Grammarly gets more interesting with Coda, Superhuman deals

Grammarly built a strong business by bringing its AI writing assistant to wherever you work, but recent acquisitions of Coda and Superhuman and new capital point to much larger ambitions.

The company's acquisition this week of Superhuman, which gives Grammarly a native email platform, is just the latest in a series of moves to redefine the company in the AI age. Grammarly is best known as a handy writing tool, but large language models (LLM) threaten to usurp it.

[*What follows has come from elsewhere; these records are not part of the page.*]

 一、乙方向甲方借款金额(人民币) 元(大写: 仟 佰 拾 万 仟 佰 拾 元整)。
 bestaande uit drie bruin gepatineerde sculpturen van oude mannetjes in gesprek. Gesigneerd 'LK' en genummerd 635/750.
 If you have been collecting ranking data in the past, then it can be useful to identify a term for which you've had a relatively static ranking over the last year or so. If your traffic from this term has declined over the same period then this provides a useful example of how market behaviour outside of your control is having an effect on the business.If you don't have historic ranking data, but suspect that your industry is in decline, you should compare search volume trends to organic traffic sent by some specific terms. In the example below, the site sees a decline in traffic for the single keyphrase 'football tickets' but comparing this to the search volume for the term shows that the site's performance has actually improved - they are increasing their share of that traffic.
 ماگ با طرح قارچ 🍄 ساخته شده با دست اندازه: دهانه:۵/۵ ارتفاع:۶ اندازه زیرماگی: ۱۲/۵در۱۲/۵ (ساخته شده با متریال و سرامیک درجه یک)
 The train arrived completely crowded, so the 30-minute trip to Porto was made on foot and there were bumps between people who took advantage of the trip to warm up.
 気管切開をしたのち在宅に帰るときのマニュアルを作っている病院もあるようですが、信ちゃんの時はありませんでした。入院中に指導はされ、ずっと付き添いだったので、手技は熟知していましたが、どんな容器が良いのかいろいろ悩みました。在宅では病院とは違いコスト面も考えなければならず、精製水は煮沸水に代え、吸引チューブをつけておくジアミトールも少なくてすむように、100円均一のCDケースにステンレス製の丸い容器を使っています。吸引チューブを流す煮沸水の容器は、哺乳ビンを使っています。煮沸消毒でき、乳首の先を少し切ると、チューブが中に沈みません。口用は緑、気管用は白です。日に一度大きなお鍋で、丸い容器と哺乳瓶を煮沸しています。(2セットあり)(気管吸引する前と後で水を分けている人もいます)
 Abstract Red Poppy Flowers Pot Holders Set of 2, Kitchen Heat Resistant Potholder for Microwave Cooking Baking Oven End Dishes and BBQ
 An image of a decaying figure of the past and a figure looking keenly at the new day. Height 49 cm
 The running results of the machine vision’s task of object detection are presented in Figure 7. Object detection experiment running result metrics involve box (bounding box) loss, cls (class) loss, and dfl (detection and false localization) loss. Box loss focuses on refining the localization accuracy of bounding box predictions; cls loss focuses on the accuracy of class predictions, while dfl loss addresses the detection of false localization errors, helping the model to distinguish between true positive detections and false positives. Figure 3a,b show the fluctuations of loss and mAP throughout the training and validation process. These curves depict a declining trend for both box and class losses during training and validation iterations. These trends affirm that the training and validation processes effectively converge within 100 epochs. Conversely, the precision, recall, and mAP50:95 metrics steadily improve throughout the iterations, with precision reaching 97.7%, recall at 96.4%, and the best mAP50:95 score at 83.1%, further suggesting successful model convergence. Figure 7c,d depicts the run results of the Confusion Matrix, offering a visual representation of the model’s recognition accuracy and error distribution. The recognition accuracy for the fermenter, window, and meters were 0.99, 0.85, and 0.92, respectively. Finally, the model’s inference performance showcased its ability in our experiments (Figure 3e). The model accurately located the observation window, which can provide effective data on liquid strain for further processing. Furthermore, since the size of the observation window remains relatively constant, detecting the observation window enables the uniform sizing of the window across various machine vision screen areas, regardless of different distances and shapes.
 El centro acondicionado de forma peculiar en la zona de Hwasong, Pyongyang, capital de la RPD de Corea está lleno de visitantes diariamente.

The fix? Grammarly, which has annual revenue of more than $700 million, is going to become an AI-native productivity platform.

Here's the recap of recent events:

Mehrotra, former CTO and product chief at YouTube, noted that Grammarly has "a massive opportunity to reinvent productivity as we know it." Grammarly with Coda set out a mission to focus on how AI agents can improve applications and work across the enterprise.

Grammarly's writing assistant is used across 500,000 apps and more than 40 million people daily. Coda brought Coda Docs, a productivity suite, and Coda Brain, which surfaces corporate knowledge, to Grammarly.

Mehrotra said Superhuman will give Grammarly customers a place to collaborate and be a staging ground for orchestrating AI agents. Grammarly works across more than 20 email providers, but it can do more with a native email platform.

The vision here is that the Grammarly platform will use AI agents to triage your inbox, schedule meetings, analyze your content and write full emails in your voice.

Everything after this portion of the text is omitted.